I haven’t posted for a while because too much happened that was too complicated to write. This is a catch-up post.

Lynne had two emergency room hospital Visits. We sat in emergency rooms waiting and waiting for someone to tell us what was going on. It was surreal to sit beside Lynne’s hospital bed. Every 10 minutes, “Ok, I can do this,” and tried to get up to go the bathroom. The first doctors thought she had a TIA that appeared to be a stroke. The second doctors diagnosed a Grand Mal Seizure that lasted two minutes. Her neurologist diagnosed the two seizures as epilepsy. He prescribed medication that should prevent more seizures. Epilepsy occurs in about one-quarter of people with late-stage Alzheimer’s.

Our family was dissatisfied with Lynne confined to the memory care unit. A former care director with an office on memory care’s floor recommended she move in where she could visit the director and help residents in June 2020. But the director left, and the current residents are 20-30 years older, mostly immobile and usually incoherent if they speak. Lynne walked around the floor by herself and viewed those residents every five minutes.

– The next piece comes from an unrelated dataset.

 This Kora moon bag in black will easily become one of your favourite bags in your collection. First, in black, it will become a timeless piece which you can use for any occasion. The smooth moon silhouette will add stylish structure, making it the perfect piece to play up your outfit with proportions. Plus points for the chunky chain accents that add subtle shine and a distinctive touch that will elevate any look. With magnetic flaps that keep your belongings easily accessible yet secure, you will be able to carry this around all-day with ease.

I believe she understands what we say, understands what is happening around her. She laughs at jokes. I think she sees her future in the residents, and it scares her. She cannot help them. She’s been angry when she sees me and walks away. She tells me, You said it would be better. I want to go home. I’m ready to leave. Let’s go. Dad and you made me stay here.

I accept blame for being Dad, but I don’t like being blamed for being me.

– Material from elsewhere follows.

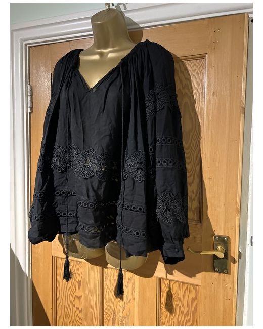 Forever Unique One Size Top Black Embroidered Elasticated Neck Tassel. 28

We met with administrators and caregivers who immediately recognized things needed to be changed because the resident mixes were significantly different in memory care and in assisted living than when Lynne moved. And restrictions for the pandemic were being eased. Their team quickly responded with ideas.

The changes in activities for Lynne have been dramatic. The new director of Lynne’s floor schedules staff to take Lynne to assisted living activities at 10 am, and 2 pm and 4 pm. Lynne mingles with more social adults, many of whom know her from her early residence. She attends daily stand-up staff meetings. She is allowed to go in and out of resident exercise classes. Lynne likes music activities, trips in vans and happy hour on Thursdays.

She walks around the large lobby where she visits with friends, the concierge, and staff. Four companion guides now guard the back doors, front doors and stairway doors for her and several residents who walk a lot. Companion guides walk with them outside for a distance before guiding them back to the lobby.

She can sit with friends for lunch and dinner in the assisted living dining room instead of the bib covered crowd in memory care. I can order meals for the two of us on the sixth-floor deck. We walk down each floor where caregivers stationed on their floors say hello because they are glad to see her again.

Lynne is more comfortable helping residents in memory care, although her help is usually brief before she wanders away. It’s her thought that counts. She walks with headphones on her head and a fanny pack with her cell phone playing Spotify music. At night I bring dark chocolate and M&M peanuts to exchange for the headphones and cell phones so I can recharge them. She is happy to see me.

I need more care. It feels like I’m sliding to hell on a steep mountain side in scree that is slashing my hands and choking my lungs. I slide faster. It’s bottomless. I never find something to grab to stop the slike. Every plan is futile, needing constant revision. I lost weight. I’m tired of my routine, my diet, my cooking ( or whatever), my prescriptions, my doctor’s visits, my apartment.

I am comforted in two support groups for Alzheimer’s caregivers. I was comforted in my first visit with a personal therapist.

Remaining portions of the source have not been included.